Don’t make it complicated. And the final thing I would say, I mean there’s a million things we could debunk, but is just, you know, don’t have to reinvent the will. You don’t have to write a book in six weeks and have all new 50 recipes. It’s been done for you. And nowadays with the internet and the search engines that are so incredible and the bazillions of people that are making plant-based recipes out there, all you do is type it into the search engine. Say, let’s say you want to have, I don’t know, a frittata or whatever. So just put in whole food plant-based frittata, and you will get hundreds of recipes. So look for something that looks good, read the recipe, make sure you have all the ingredients. If not, go get them. Make sure you understand the instructions and then just follow it verbatim. Use it as a template, and then if you don’t like it, you could adjust it or you could switch it. I, I remember I started a list of recipes that I loved, and if it met all my criteria, and I loved it, especially if my kids loved it, it got a little hard and it went into a special pile and the other, and I just kept looking and I just slowly built, and then you could just expand your repertoire as your skills and your palette develops.

Ella Magers:

Man, we could talk for hours. We might have to have you back on here because one of the reasons I really wanted to have you particularly on here talk about food and eating is because how you talk about it is so empowering to people and it’s the way you talk about food and making changes and transformation. And so let’s take a pin out of that aging thing, because that’s another thing. There’s certain things, and we talk about aging with grace, what that looks like, and being compassionate to ourselves. Let’s go back to what shifts you’re making for yourself and then thereby helping clients make as you age. I mean, there are things that we just have control over, and there are things that we don’t, I mean, we’ve got to be compassionate to ourselves. What are the things that are most challenging to you and your clients, and how are you helping people overcome that?

Julieanna Hever:

Oh, this is a great topic and I really love to talk about, I was taught this and now I teach it the concept of radical self-compassion and radical self-acceptance, because here we are. And so I was a runner. I ran a marathon. I loved running. My husband got me into running, and we used to run, it was our bonding thing. And I can no longer run. It hurts. Things hurt when I run. Now, I used to be able to do the splits in all three directions up until recently, but then I had an injury that now I can’t do the splits in any direction. And there’s things that it just, it’s so frustrating and sad and it’s like, I want to bring that back so bad. But then you have to get to the point where it’s like, well, why do you, isn’t everything the one thing in life?

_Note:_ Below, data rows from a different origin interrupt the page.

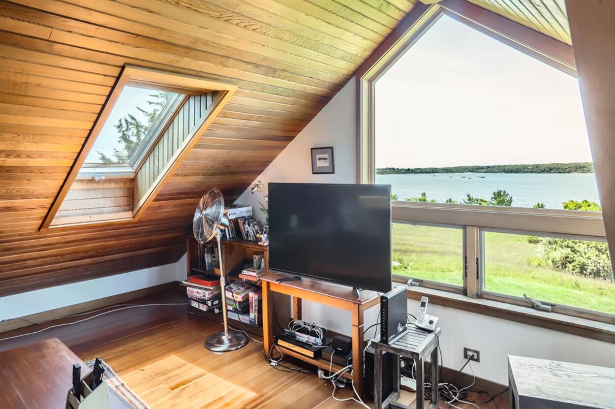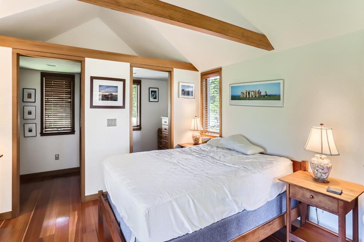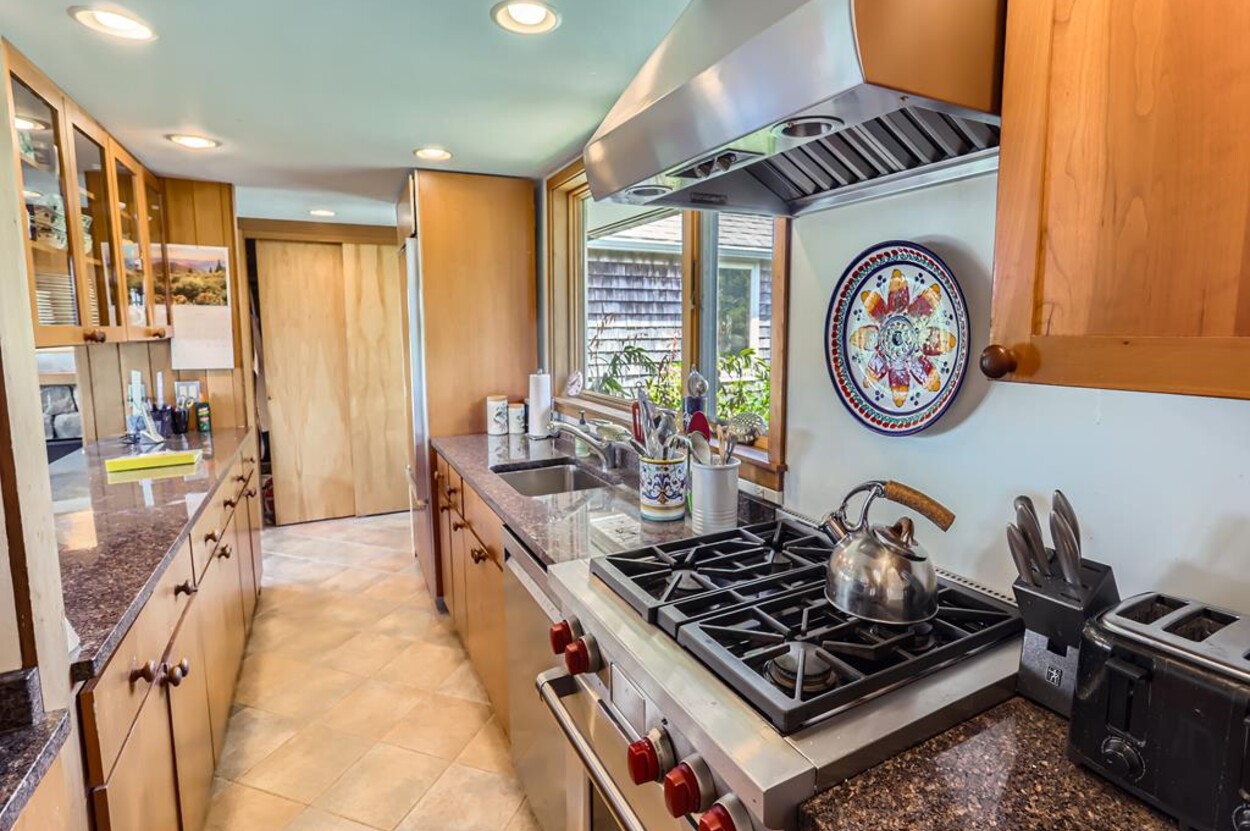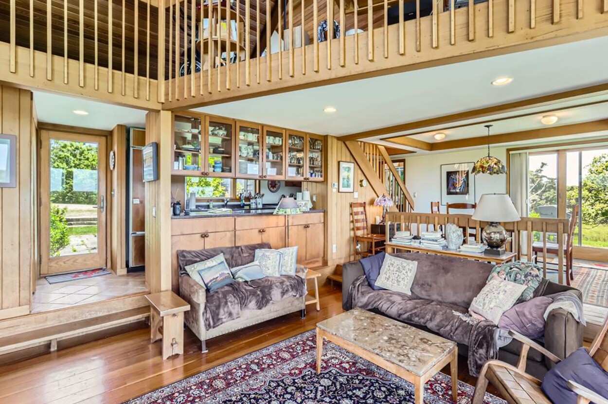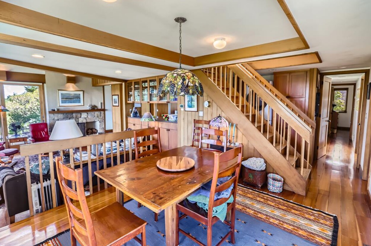 Lovely 3 bedroom 2 bath home overlooking Menemsha Pond and the Vineyard Sound with nearby beach access to private sandy Menemsha Pond beach great for swimming and kayaking. This comfortable home has an open living dining area with lots of glass to maximize the light and the wonderful views. The well equipped galley kitchen is small but nicely laid out with high end appliances---Sub Zero refrigerator, Wolf range with gas burners and electric oven and Fisher and Peykel dish washer and dryer. The kitchen opens on the living dining area and the three spaces flow together well. The primary bedroom is located in its own wing with private bath. The other two bedrooms are located in a second wing and share a bath. There is a loft for overflow guests which also functions as an office/tv space. A 5 minute drive to Chilmark town center and Lucy Vincent Beach yet in a world of its own.
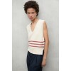 The Kentia sweater, made of 50% recycled cotton, has a regular fit that adapts to your body. Its sleeveless design and side slits make it perfect for summer.
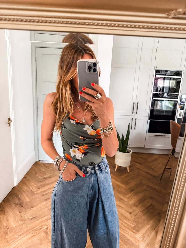 This is gorgeous!! Make a statement in our Orange Bodysuit, featuring playful cowl strappy detail and built-in bra cups for extra support. The vibrant citrus print flatters every skin tone, while the thong cut and elasticated back offer a sleek, comfortable fit. Bold, fun, and made to move with you.
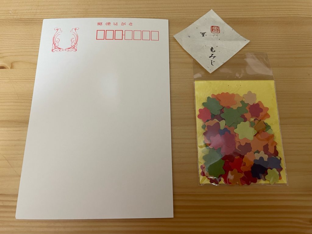 画像右側は、このハガキの通信面(裏面)に貼る予定の、和紙たちです!(前回の投稿で紹介させ)ていただきました!

And I’m not a master of this by any stretch of the imagination, but the only thing we could rely on in life is change. It’s always going to happen. Nothing stays the same. And my daughter that just came home, she’s going off to college. I mean, I can’t even wrap my brain around the fact that my little baby is going to college now and it’s going to make me cry because I can’t, can’t even imagine. She’s going to be far away from home and I just can’t even imagine. But everything changes and you just have to kind of accept it. But so what I’m doing for myself and what I try to help my clients with is find the things that make you happy. Now. So if I have to do lighter exercise, but it still makes me feel good, it’s not about pushing harder because I’m not going to win any races.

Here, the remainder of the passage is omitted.